Atividades de agronegócio no entorno do Parque Nacional Grande Sertão Veredas trazem problemas para os pequenos produtores e ameaçam à biodiversidade da região
A princípio, pode soar estranho que o município de Chapada Gaúcha esteja localizado no sertão de Minas Gerais. A explicação está na história do local, colonizado na década de 70 por famílias vindas do sul do país. Atraídos pelo preço da terra, os colonos gaúchos estabeleceram ali extensas lavouras, importando para o cerrado um modelo de exploração baseado na monocultura e no plantio linear de grãos. Hoje, o agronegócio constitui a principal atividade econômica local. Marco Túlio da Silva Ferreira, Gestor Técnico do Projeto Extrativismo Vegetal Sustentável no Mosaico Sertão Veredas – Peruaçu, denuncia as dificuldades que a hegemonia da agricultura intensiva traz para outras formas de lidar com a terra, desarticulando todo um modo de vida. “Do jeito que as coisas estão postas na dinâmica territorial, é impossível que as comunidades tradicionais e os pequenos produtores agroextrativistas consigam sobreviver aos impactos do agronegócio na região”, ele aponta.

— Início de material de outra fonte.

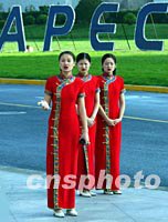 為上海十月APEC會(huì)議服務(wù)的禮儀小姐,身穿紅色中式滾花邊旗袍,富有中國(guó)南方女性溫柔端莊的氣質(zhì)。中新社記者 賈國(guó)榮 攝
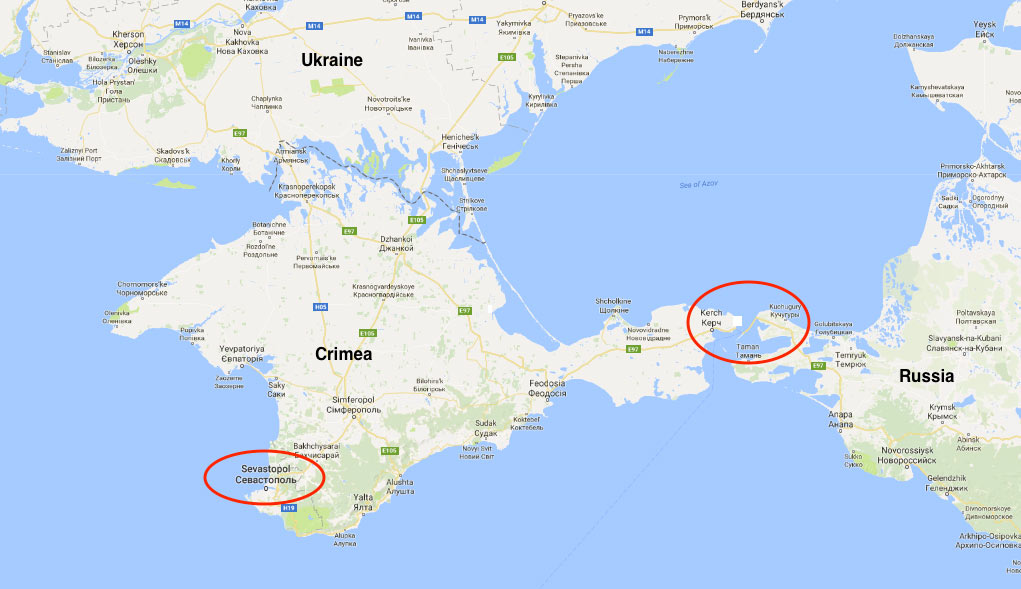 Как показано на приведенной ниже карте, Севастополь является стратегически важной базой российского военно-морского флота, а также единственной тепловодной базой России. После распада Советского Союза договор 1997 года с Украиной позволил России сохранить практически нетронутым свой Черноморский флот (с 15 000 человек личного состава в настоящее время) и арендовать базу в Севастополе (срок действия которого истекает в 2042 году).

Impactos que articulam as dimensões cultural e ambiental da ocupação do território. Em torno da sede no município de Chapada Gaúcha, há três unidades de conservação ambiental: o Parque Nacional Grande Sertão Veredas, o Parque Estadual Serra das Araras (ambos classificados como áreas de proteção integral) e a Reserva Estadual de Desenvolvimento Sustentável Veredas do Acari. Marco Túlio explica que muitas vezes as lavouras vão até os limites das unidades de conservação, desrespeitando as zonas de amortecimento previstas nos planos de manejo. Mesmo quando não infringem a delimitação do território, essas atividades dificultam o trabalho de extrativismo no local. “O agronegócio avança rapidamente nas áreas das comunidades de Buracos e Buraquinhos, por exemplo, onde há áreas de importância para o extrativismo de plantas e frutos do cerrado, como a favela e o araticum”.

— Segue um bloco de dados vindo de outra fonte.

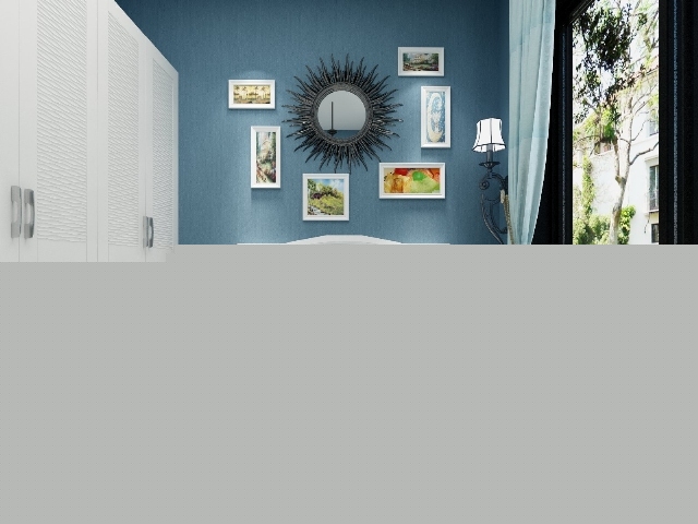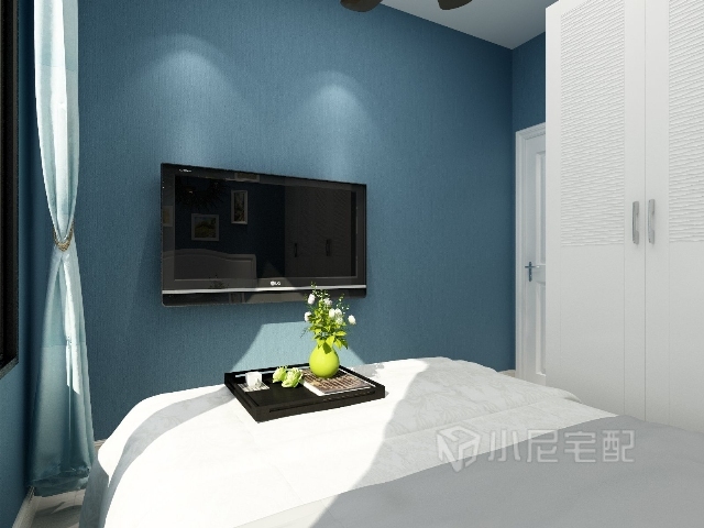 從窗戶看進來,湖藍色的墻面背景很有美式的特色

Além do desmatamento de áreas nativas de cerrado, outro problema sério é o uso indiscriminado de agrotóxicos. Desde o início do ano, denúncias envolvendo a dispersão aérea de defensivos agrícolas revelam o risco eminente de que as áreas protegidas sejam atingidas por esse tipo de produto. Mas os aviões não são o único fator que inspira cuidados. Ainda que os venenos não fossem despejados por via aérea, diversas pesquisas apontam como a utilização manual de agrotóxicos pode levar à contaminação do solo e dos recursos hídricos do entorno das lavouras. O plano de manejo do Parque Nacional Grande Sertão Veredas, elaborado em 2003, prevê a implantação de um programa de monitoramento da qualidade das águas superficiais. Até hoje, no entanto, nenhum estudo do tipo foi realizado na região.
Alternativas
De acordo com Marco Túlio, a única maneira de minimizar os impactos do agronegócio é buscar outros paradigmas, que promovam práticas sustentáveis de relação com o território. O cerne da questão, para o biólogo, é perceber a falsa dicotomia estabelecida entre produção agrícola e preservação da biodiversidade. “Há uma ignorância muito grande em torno da terra. A visão geral dos médios e grandes produtores é a de que o cerrado é um mato, que deve ser domesticado”. Para que seja possível uma relação de convivência saudável entre diferentes escalas de atividade agrícola, a valorização da biodiversidade local e o reconhecimento da sabedoria tradicional são questões fundamentais. “É preciso considerar o manejo do ecossistema agrícola como um todo, em uma compreensão holística da relação entre os componentes biológicos, o solo e os recursos hídricos envolvidos”, ele explica. O uso de agrotóxicos pode ser evitado com dinâmicas simples, como a diversificação do sistema, em métodos como a rotação de culturas, e o manejo sustentável das pragas, em práticas de controle biológico.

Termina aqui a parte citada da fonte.